◆ WORK INSTRUCTIONS:
Extract the text of every entry below exactly; leave images out.

┌─ DATA SUPPLIED

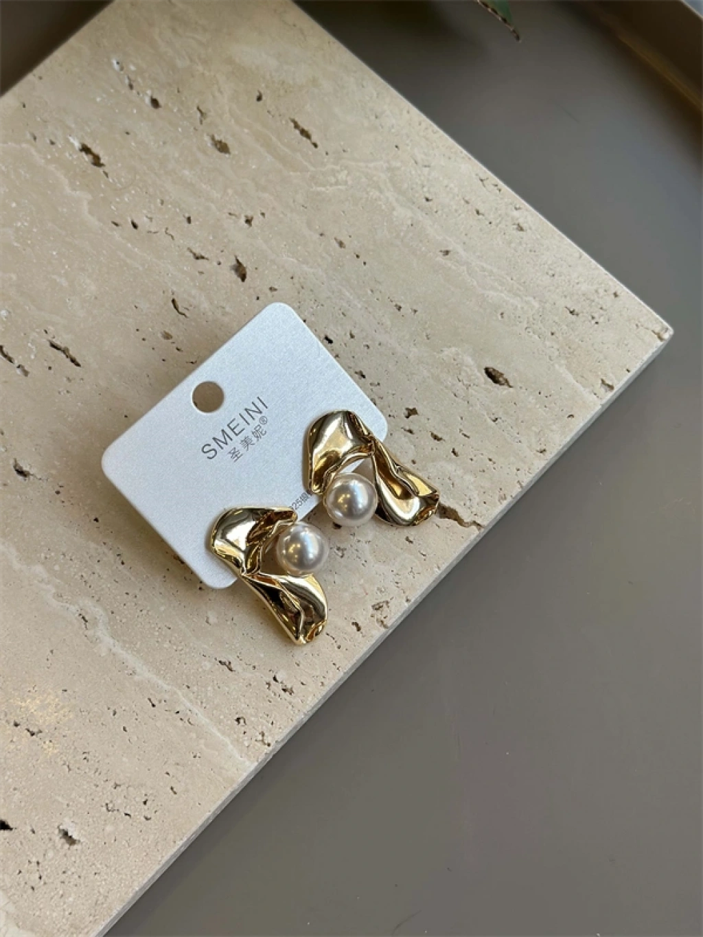 Taşlı Küpe - Krem
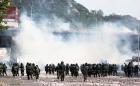 김근태 석방 구속에 대한 비난 구호를 외치는 민주인사들
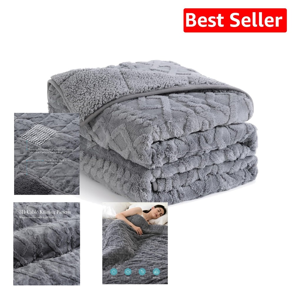 Jacquard Knitted Weighted Blanket 12 lbs - Cozy 48x72 inches for All Seasons ‹ › ‹ › ‹ › ‹ › ‹ › ‹ › ‹ › ‹ › ‹ › ‹ › ‹ › ‹ › Jacquard Knitted Weighted Blanket - 12 lbs Cozy 48x72 inches for All Seasons Features: 3D Jacquard Knitting Design: This blanket features a classic and lush cable knitting pattern, creating a stylish aesthetic and adding a fresh, welcoming ambiance to your home. Double Coziness with Dual-Side Sherpa: Crafted with super soft, double-sided sherpa fabric, this weighted throw envelops you in a cocoon of relaxation and invites a deep, restful sleep. Reliable 7-Layer Design: Expertly designed through innovative techniques, this Sherpa weighted blanket combines integrity and longevity while delivering an undeniable touch of luxury. Even Weight Distribution: Each grid is meticulously crafted to trap ceramic beads, preventing leaks and ensuring impeccable weight distribution, elevating your relaxation experience. Thoughtful Gift: An elegant decorative piece perfect for your home or office, making it an ideal gift for loved ones to promote comfort and tranquility. Benefits: Experience the calming effects and the sensation of being gently hugged for complete relaxation. Perfect for all seasons, ensuring warmth and comfort no matter the weather. Designed to improve sleep quality and overall happiness, encouraging restful nights and energized days. Available in a comfortable 48x72 inches size, suitable for a range of usages across your living space. Choosing the Right Weight: For optimal results, pick a weighted blanket that is around 10% of your body weight. For first-time users, consider starting with a lighter option to ease into the experience. Allow yourself 7 to 12 days to fully enjoy the myriad benefits of the blanket. Transform Your Sleep Experience: Discover the joy of restful slumber with our Jacquard Knitted Weighted Blanket. Crafted for elegance and efficacy, it not only beautifies your space but also cocoons you in serenity, so you can sleep better and live happier. Elevate your tranquility quotient – indulge in luxury and comfort that you truly deserve. Shipping Free & Fast Shipping - We offer free shipping to most of the USA with a normal delivery time of 3-7 days. However, due to the current situation, additional delivery time (up to 3 weeks) may be required for some items. Alternative Carriers - We may use alternative carriers (e.g. USPS, FedEx, UPS, etc.) to ensure your package arrives safely and on time. Due to the use of multiple carriers, we are unable to provide a tracking number automatically. Handling Time - Orders are processed and shipped within 1-2 business days of receiving cleared payment. Shipping Restrictions - Shipping to Alaska, Hawaii, Puerto Rico, Guam, and other US territories may incur shipping charges or delivery restrictions. Please contact us before ordering, or your order can be refunded/cancelled. State Restrictions - There may be restrictions based on your state of purchase. For example, certain items may not be shipped to California due to state regulations. Contact for Tracking Updates - If you require tracking updates or have any concerns about the delivery of your order, please feel free to contact us, and we will be happy to assist you. Return 30-Day Hassle-Free Returns - We want you to be completely satisfied with your purchase. If you are not, you can return the item within 30 days of receiving it for a full refund or exchange. Easy Return Process - To start a return, simply contact us and we will provide you with a prepaid return shipping label and detailed instructions. Restocking Fee - There are no restocking fees for returns. However, the buyer is responsible for return shipping costs if the return is not due to a seller's error. Refund Processing Time - Refunds will be processed within 5 business days of receiving the returned item in its condition. Payment We accept all major credit cards, PayPal, and Apple Pay for your convenience. Your payment information is secure and encrypted to ensure a safe and seamless transaction. Please complete your payment within 3 days of purchase to avoid any delays in shipping. Feedback Your feedback is extremely important to us. We strive to provide the best products and customer service possible. If you are satisfied with your purchase, please take a moment to leave us a positive review. If you have any concerns or issues with your order, please contact us before leaving negative feedback. We are committed to resolving any problems and ensuring your satisfaction. Contact Us If you have any questions or concerns, please feel free to out to our customer support team. You can contact us through the eBay messaging system. We are available Monday to Friday, 9:00 am to 5:00 pm EST, and we will do our best to respond to your inquiry within 24 hours. Buy it now and enjoy a pleasant shopping experience! Unit Quantity: 12 Material: Jacquard,Sherpa Features: 3D,Weighted,Durable Theme: Seasonal Care Instructions: Machine Wash Department: Adults Room: Bedroom Size: Twin Type: Weighted Blanket Color: Grey Pattern: Solid Style: Modern Shape: Rectangular Insulation: Warm Closure Type: No Closure GSM (Grams per Square Meter): Over 800 Thread Count: 200 or Less Unit Type: lb
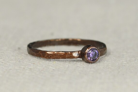 Bronze Copper Amethyst Ring, Classic Size, Stackable Rings,...
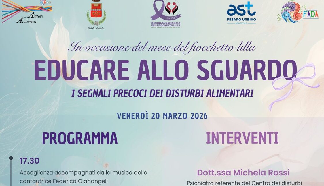 Un appuntamento importante per la comunità, dedicato a un tema delicato e sempre più attuale: i disturbi del comportamento alimentare. L’associazione FADA ODV, insieme al gruppo genitori “Aiutiamoci X Aiutare”, con il supporto del Comune di Vallefoglia e il patrocinio dell’AST Pesaro e Urbino, promuove il convegno dal titolo “Educare allo sguardo”, in programma venerdì 20 marzo alle ore 17:30 presso l’Unione dei Comuni Pian del Bruscolo, a Tavullia.
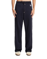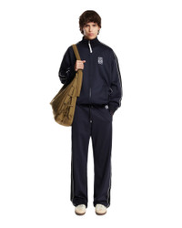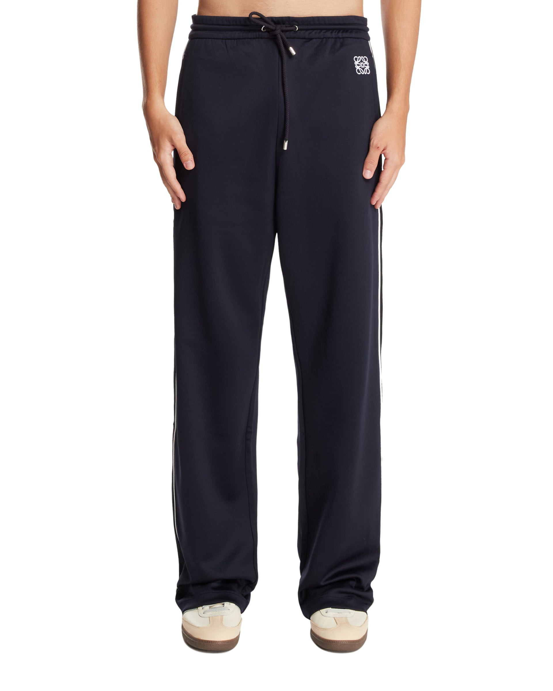 Loewe Blue Tracksuit Pants. Blue cotton-blend and technical jersey, contrast trims, elasticated mid-rise waistband with drawstring, straight-leg design. Side zip pockets, back zip pocket, Anagram embroidery on one side, regular fit. Freddy is 187 cm and he is wearing size L. DETAILS Model: H526Y04X599602 Composition: 56% Polyamide, 44% Cotton Made in: PORTUGAL Season: FW25-26
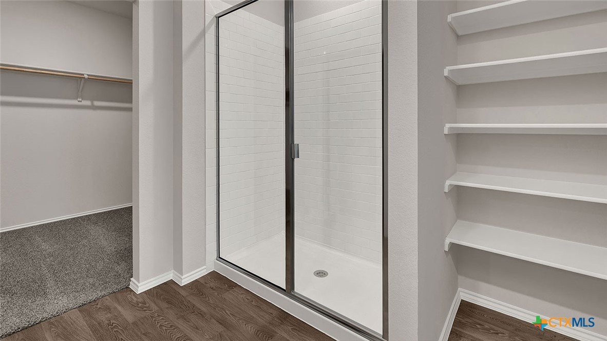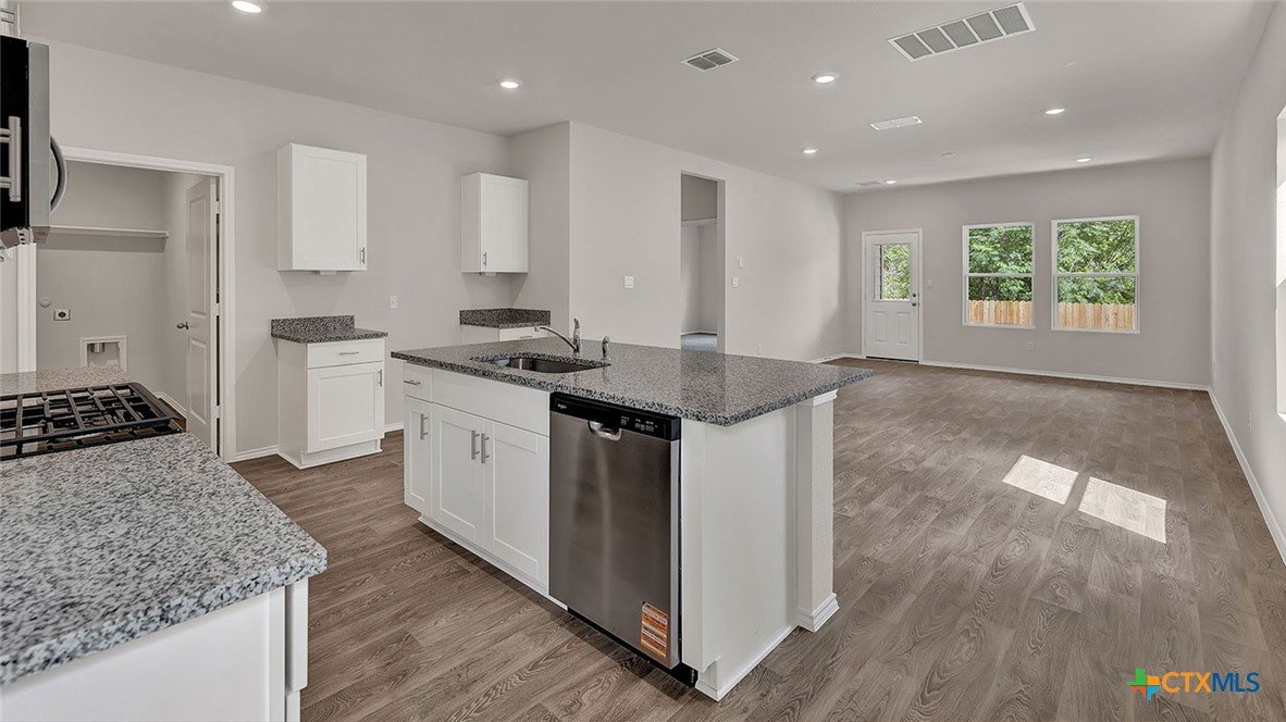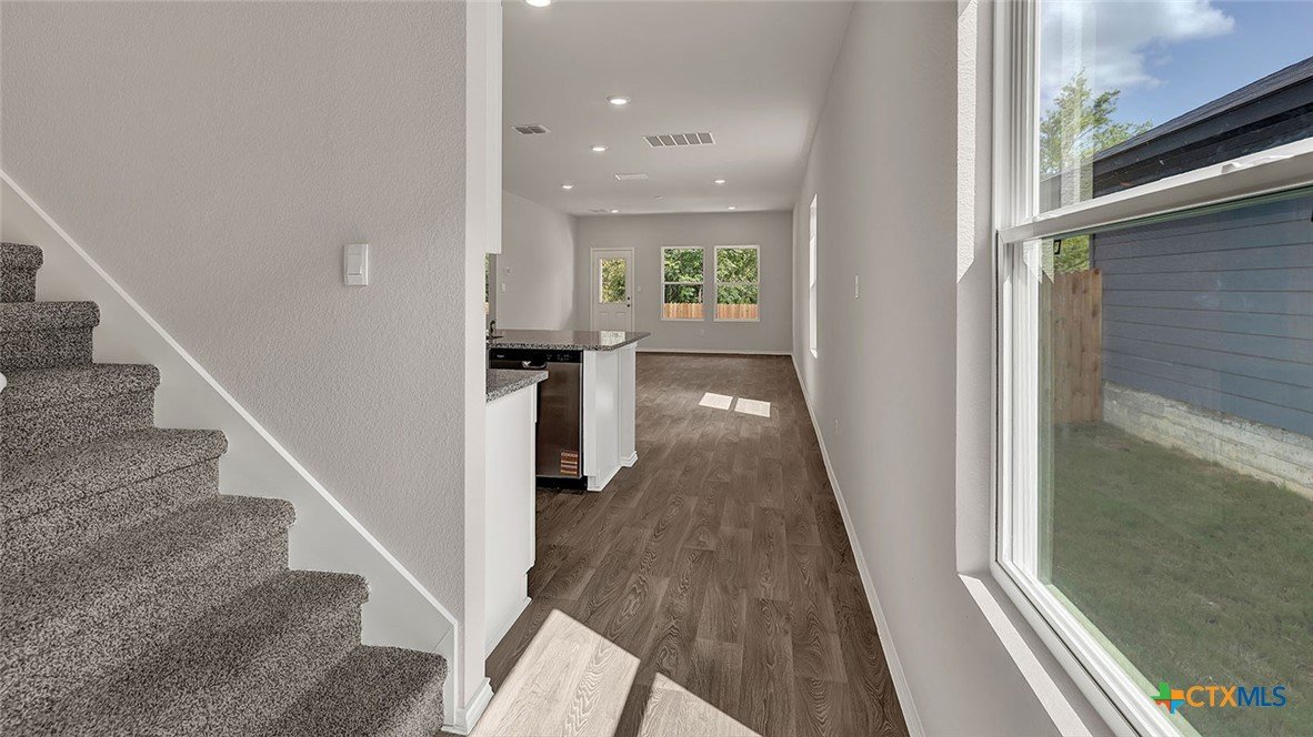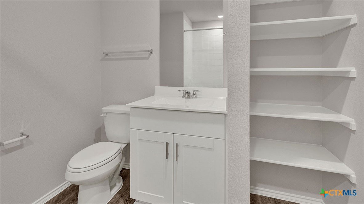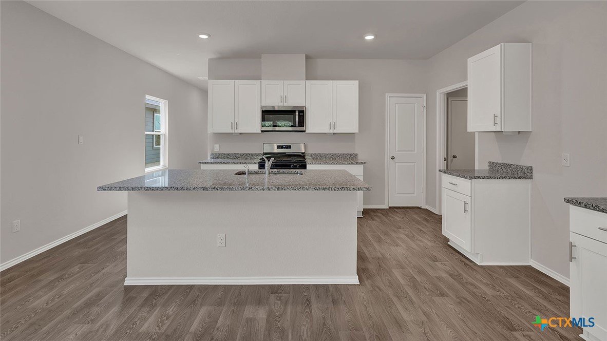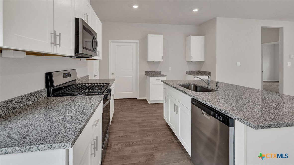 MOVE IN READY! CUL-DE-SAC LOT. The Hanna is one of our two story floorplans available at our Bollinger community. This beautiful 2,036 square foot home has 4 bedrooms, 2.5 bathrooms, a game room and a 2 car garage. Our homes in Bollinger feature our modern farmhouse exterior. On the first floor of this new home, you’ll find the main living space and primary bedroom ensuite. The kitchen, dining and family room are an open concept layout, perfect for everyday living and entertaining. The kitchen features an island with undermount sink, granite countertops, decorative granite backsplash, a pantry closet, 36” upper cabinets, and stainless-steel appliances, including a gas range. Enjoy the natural light from the side and rear windows. The oversized utility room is off the kitchen and connects to the garage, making it the ideal mud room. The primary bedroom ensuite is tucked away off the family room. Enjoy a peaceful start to your day in this space with the luxurious walk-in shower, cultured marble vanity with dual sinks, private toilet area with a door, and a large walk-in closet. Climb the staircase to the second floor and enter the gameroom. This multi-use space can easily be transformed into an office or play area for the kids. Three additional bedrooms and one full bathroom complete the second story space. The upstairs bedrooms include closets with shelving and the upstairs bathroom includes a shower/tub combination and extra shelving for storage or décor. The Hanna includes vinyl flooring throughout the common areas of the home, and carpet in the bedrooms. A covered back patio is also included in the Hanna plan. All our new homes feature Bermuda sod, an irrigation system in the front and back yard, and a 6’ privacy fence around the back yard. This home comes with our America’s Smart Home base package, which includes the Amazon Echo Pop, Front Doorbell, Front Door Deadbolt Lock, Home Hub, Thermostat, and Deako® Smart Switches.

└─

◆ TASK RESULT:
 Taşlı Küpe - Krem
 김근태 석방 구속에 대한 비난 구호를 외치는 민주인사들
 Jacquard Knitted Weighted Blanket 12 lbs - Cozy 48x72 inches for All Seasons ‹ › ‹ › ‹ › ‹ › ‹ › ‹ › ‹ › ‹ › ‹ › ‹ › ‹ › ‹ › Jacquard Knitted Weighted Blanket - 12 lbs Cozy 48x72 inches for All Seasons Features: 3D Jacquard Knitting Design: This blanket features a classic and lush cable knitting pattern, creating a stylish aesthetic and adding a fresh, welcoming ambiance to your home. Double Coziness with Dual-Side Sherpa: Crafted with super soft, double-sided sherpa fabric, this weighted throw envelops you in a cocoon of relaxation and invites a deep, restful sleep. Reliable 7-Layer Design: Expertly designed through innovative techniques, this Sherpa weighted blanket combines integrity and longevity while delivering an undeniable touch of luxury. Even Weight Distribution: Each grid is meticulously crafted to trap ceramic beads, preventing leaks and ensuring impeccable weight distribution, elevating your relaxation experience. Thoughtful Gift: An elegant decorative piece perfect for your home or office, making it an ideal gift for loved ones to promote comfort and tranquility. Benefits: Experience the calming effects and the sensation of being gently hugged for complete relaxation. Perfect for all seasons, ensuring warmth and comfort no matter the weather. Designed to improve sleep quality and overall happiness, encouraging restful nights and energized days. Available in a comfortable 48x72 inches size, suitable for a range of usages across your living space. Choosing the Right Weight: For optimal results, pick a weighted blanket that is around 10% of your body weight. For first-time users, consider starting with a lighter option to ease into the experience. Allow yourself 7 to 12 days to fully enjoy the myriad benefits of the blanket. Transform Your Sleep Experience: Discover the joy of restful slumber with our Jacquard Knitted Weighted Blanket. Crafted for elegance and efficacy, it not only beautifies your space but also cocoons you in serenity, so you can sleep better and live happier. Elevate your tranquility quotient – indulge in luxury and comfort that you truly deserve. Shipping Free & Fast Shipping - We offer free shipping to most of the USA with a normal delivery time of 3-7 days. However, due to the current situation, additional delivery time (up to 3 weeks) may be required for some items. Alternative Carriers - We may use alternative carriers (e.g. USPS, FedEx, UPS, etc.) to ensure your package arrives safely and on time. Due to the use of multiple carriers, we are unable to provide a tracking number automatically. Handling Time - Orders are processed and shipped within 1-2 business days of receiving cleared payment. Shipping Restrictions - Shipping to Alaska, Hawaii, Puerto Rico, Guam, and other US territories may incur shipping charges or delivery restrictions. Please contact us before ordering, or your order can be refunded/cancelled. State Restrictions - There may be restrictions based on your state of purchase. For example, certain items may not be shipped to California due to state regulations. Contact for Tracking Updates - If you require tracking updates or have any concerns about the delivery of your order, please feel free to contact us, and we will be happy to assist you. Return 30-Day Hassle-Free Returns - We want you to be completely satisfied with your purchase. If you are not, you can return the item within 30 days of receiving it for a full refund or exchange. Easy Return Process - To start a return, simply contact us and we will provide you with a prepaid return shipping label and detailed instructions. Restocking Fee - There are no restocking fees for returns. However, the buyer is responsible for return shipping costs if the return is not due to a seller's error. Refund Processing Time - Refunds will be processed within 5 business days of receiving the returned item in its condition. Payment We accept all major credit cards, PayPal, and Apple Pay for your convenience. Your payment information is secure and encrypted to ensure a safe and seamless transaction. Please complete your payment within 3 days of purchase to avoid any delays in shipping. Feedback Your feedback is extremely important to us. We strive to provide the best products and customer service possible. If you are satisfied with your purchase, please take a moment to leave us a positive review. If you have any concerns or issues with your order, please contact us before leaving negative feedback. We are committed to resolving any problems and ensuring your satisfaction. Contact Us If you have any questions or concerns, please feel free to out to our customer support team. You can contact us through the eBay messaging system. We are available Monday to Friday, 9:00 am to 5:00 pm EST, and we will do our best to respond to your inquiry within 24 hours. Buy it now and enjoy a pleasant shopping experience! Unit Quantity: 12 Material: Jacquard,Sherpa Features: 3D,Weighted,Durable Theme: Seasonal Care Instructions: Machine Wash Department: Adults Room: Bedroom Size: Twin Type: Weighted Blanket Color: Grey Pattern: Solid Style: Modern Shape: Rectangular Insulation: Warm Closure Type: No Closure GSM (Grams per Square Meter): Over 800 Thread Count: 200 or Less Unit Type: lb
 Bronze Copper Amethyst Ring, Classic Size, Stackable Rings,...
 Un appuntamento importante per la comunità, dedicato a un tema delicato e sempre più attuale: i disturbi del comportamento alimentare. L’associazione FADA ODV, insieme al gruppo genitori “Aiutiamoci X Aiutare”, con il supporto del Comune di Vallefoglia e il patrocinio dell’AST Pesaro e Urbino, promuove il convegno dal titolo “Educare allo sguardo”, in programma venerdì 20 marzo alle ore 17:30 presso l’Unione dei Comuni Pian del Bruscolo, a Tavullia.
 Loewe Blue Tracksuit Pants. Blue cotton-blend and technical jersey, contrast trims, elasticated mid-rise waistband with drawstring, straight-leg design. Side zip pockets, back zip pocket, Anagram embroidery on one side, regular fit. Freddy is 187 cm and he is wearing size L. DETAILS Model: H526Y04X599602 Composition: 56% Polyamide, 44% Cotton Made in: PORTUGAL Season: FW25-26
 MOVE IN READY! CUL-DE-SAC LOT. The Hanna is one of our two story floorplans available at our Bollinger community. This beautiful 2,036 square foot home has 4 bedrooms, 2.5 bathrooms, a game room and a 2 car garage. Our homes in Bollinger feature our modern farmhouse exterior. On the first floor of this new home, you’ll find the main living space and primary bedroom ensuite. The kitchen, dining and family room are an open concept layout, perfect for everyday living and entertaining. The kitchen features an island with undermount sink, granite countertops, decorative granite backsplash, a pantry closet, 36” upper cabinets, and stainless-steel appliances, including a gas range. Enjoy the natural light from the side and rear windows. The oversized utility room is off the kitchen and connects to the garage, making it the ideal mud room. The primary bedroom ensuite is tucked away off the family room. Enjoy a peaceful start to your day in this space with the luxurious walk-in shower, cultured marble vanity with dual sinks, private toilet area with a door, and a large walk-in closet. Climb the staircase to the second floor and enter the gameroom. This multi-use space can easily be transformed into an office or play area for the kids. Three additional bedrooms and one full bathroom complete the second story space. The upstairs bedrooms include closets with shelving and the upstairs bathroom includes a shower/tub combination and extra shelving for storage or décor. The Hanna includes vinyl flooring throughout the common areas of the home, and carpet in the bedrooms. A covered back patio is also included in the Hanna plan. All our new homes feature Bermuda sod, an irrigation system in the front and back yard, and a 6’ privacy fence around the back yard. This home comes with our America’s Smart Home base package, which includes the Amazon Echo Pop, Front Doorbell, Front Door Deadbolt Lock, Home Hub, Thermostat, and Deako® Smart Switches.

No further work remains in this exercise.